La aldaba
Carlos Navarro Antolín
La sanidad funciona bien muchas veces en Andalucía
Nunca una palabra tan breve ha estado tan preñada de otras: desolación, tragedia, hambre, frío, muerte. Nunca una palabra ha sido adjetivada con tanto esmero para camuflar su carga de horror y limar las aristas de la destrucción. Guerra preventiva. Guerra defensiva. Guerra santa. Guerra civil. En el prólogo que el traductor y profesor Javier Brox está preparando a la edición, inédita en España, del libro autobiográfico de Francesco Fausto Nitti – periodista italiano, partisano en su tierra y miembro de la resistencia francesa– hace un exhaustivo repaso al sentido semiológico de la palabra, a sus orígenes y su etimología y sobre todo a cómo, durante siglos, se ha ido enmascarando para quitarle una brutalidad que su significado no pierde nunca. Recuerda Brox que tras la llamada guerra civil española –abunda por cierto en ese concepto de “civil” que explica exactamente lo contrario, la expresión menos civilizadora de la masacre– el Ministerio de Guerra cambió su nombre por el de Ministerio de Defensa. Como si la defensa fuera motivo suficiente para entender el olor y el fragor de las batallas. Uno de nuestros más brillantes intelectuales, a los que resulta recomendable releer siempre y hoy más que nunca, Francisco Ayala, dejó escrito: “quien dice estar dispuesto a morir por una causa, en realidad es que está dispuesto a matar por ella”. Y el, seguramente más conocido, historiador Anthony Beevor, que ha relatado como nadie algunos de los episodios más sangrientos del siglo XX (Stalingrado, Berlín, Creta, la guerra española) advirtió, hace pocos días en Sevilla, de que el campo de batalla de las nuevas guerras son las ciudades. Luego el objetivo son los civiles. Aquellos que en los medios llamamos “víctimas inocentes” y que produce tanto desasosiego escuchar, como si alguien fuera tan culpable que mereciera morir. Y sufrir. Porque algunas de las escenas que estamos viendo (Netanyahu y Hamas empatando en el tablero del dolor) provocan tal desazón que la muerte aparece casi como el mal menor de vidas que llevan generaciones en un ay de miedo y de terror.

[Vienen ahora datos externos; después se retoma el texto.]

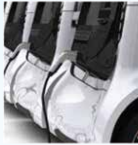
Interfaces Of Grid Users/ Focus On EV And Local Storage (GUII)
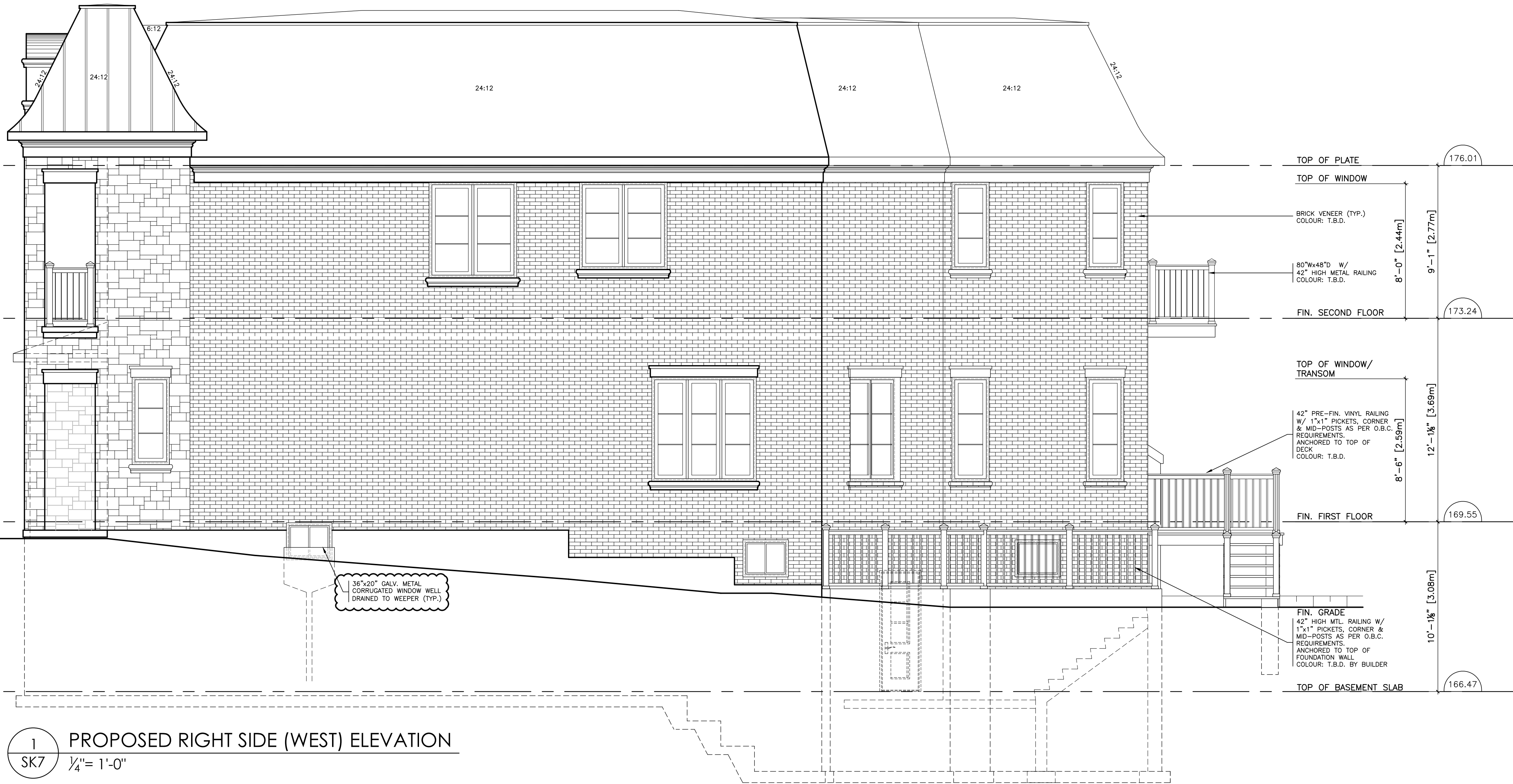
1 PROPOSED RIGHT SIDE (WEST) ELEVATION SK7 1/4" = 1'-0"
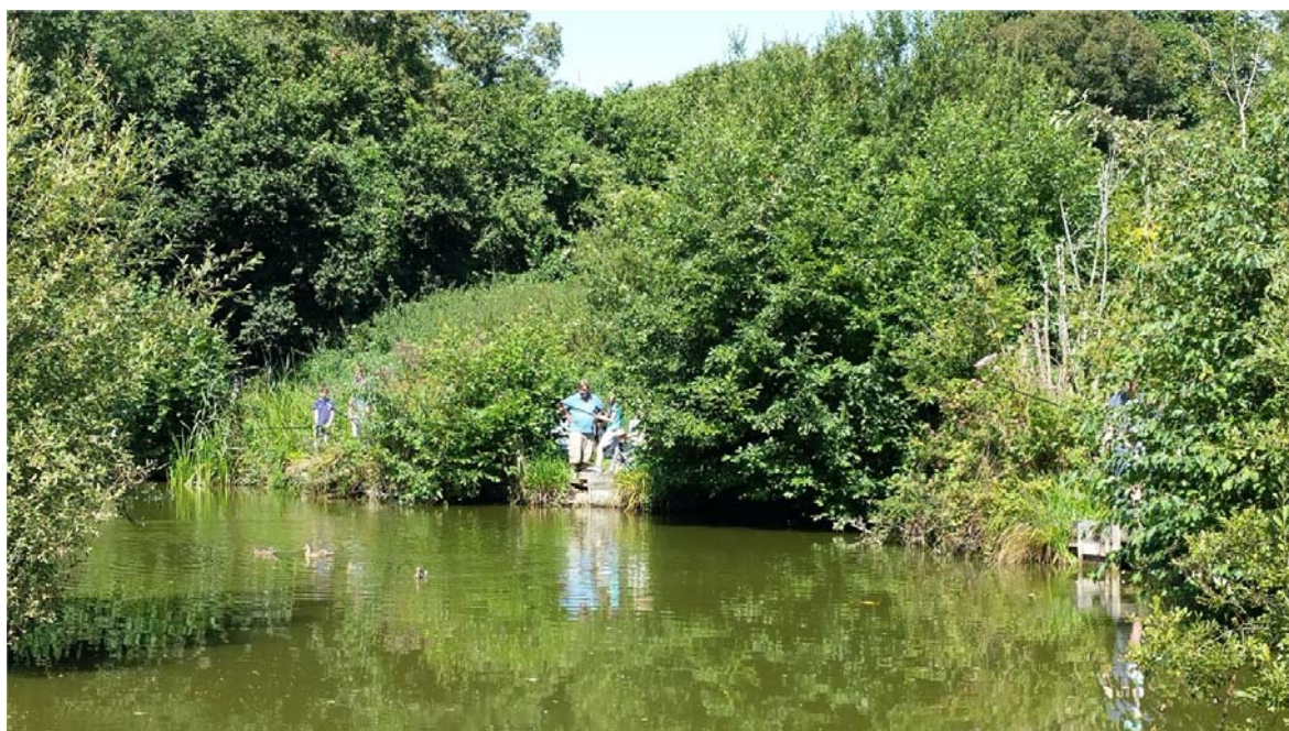
Fishing starts at the Junior Tuition Day

Having seen this, the participants were raring to go and could not wait to get back to their swims to try for themselves. Each pair of junior anglers was allocated a helper and back at the swims final preparations were made and the first lines were cast to the water. The fish were on form and obviously hungry as within minutes fish were being caught all round the pond. Our maggot shy young lady was furnished with an alternative bait and she caught a few fish on this. In the meantime one of the helpers had raided his tackle box and come up with a rubber artificial maggot; this was tried and proved successful. Fishing continued until lunch was called and everyone sat down for some food and a drink.
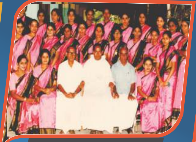
First Batch of Teachers
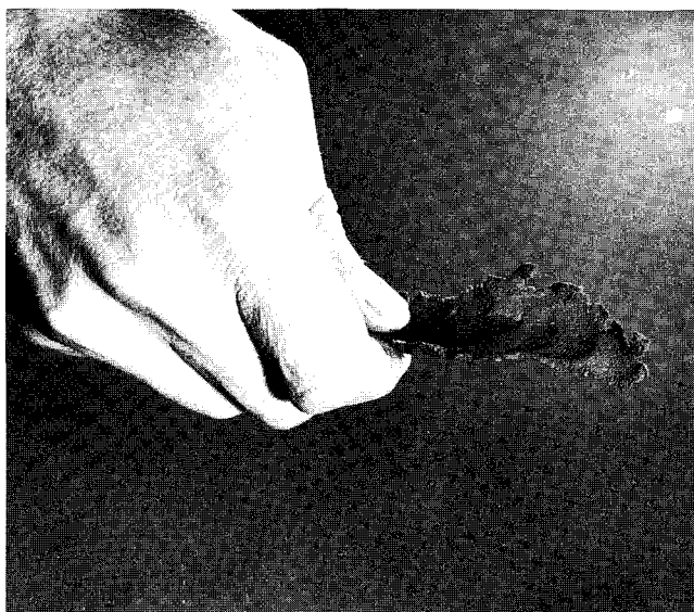
Figure 4. Fine-textured soil forms a long, shiny pliable ribbon. The moist ribbon feels smooth and sticky. Dry clods are very hard.

First, moisten a marble-sized portion of the soil and hand knead it until it is the consistency of putty. Then, squeeze the ball of soil between thumb and forefinger, pressing the thumb forward over the forefinger to push the soil into a ribbon (figure 4). Whether or not a ribbon forms the type of ribbon indicates the textural class.
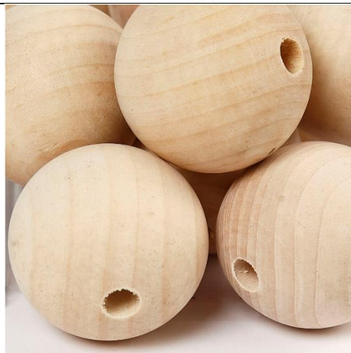
Wooden Bead, dia. 40 mm, hole size 7 mm, 30pc/ 1 pack Item no. 566770
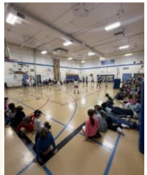
Cheering on the students-versus-staff volleyball game

Our Goal: Build strong partnerships between school, families and the community to support student success and strengthen belonging.
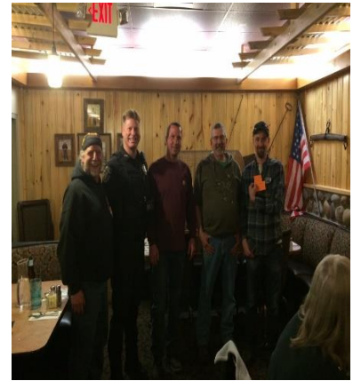
2019 annual raffle
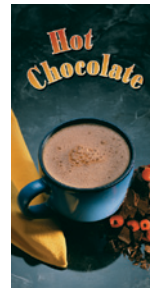
Model FMD-1 available with optional Hot Chocolate Display
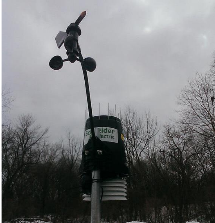
Figure 14. Weather stations can be your eyes and ears when you aren't around.

Tres culturas, la Fundación que nació para defender la convivencia entre religiones y filosofías, es aquí mismo, cruzando el puente, una bandera blanca, un grito de alto el fuego. Recuerdo hace algunos años en Esauira, la ciudad-madre de André Azoulai, copresidente y alma de la fundación, la proyección de un documental que contaba una marcha pacífica y a pie de mujeres israelíes y palestinas pidiendo el cese de la barbarie y demostrando que las vidas humanas merecen siempre un acuerdo. Luego, hubo un recital de flamenco andalusí. La cultura nunca es guerra. No existen las guerras culturales.
Solamente la guerra y a quien conviene que haya quien muera y mate. Basta con señalar un enemigo y convertirlo, en todo caso, en un daño colateral. Otra expresión llena de vileza.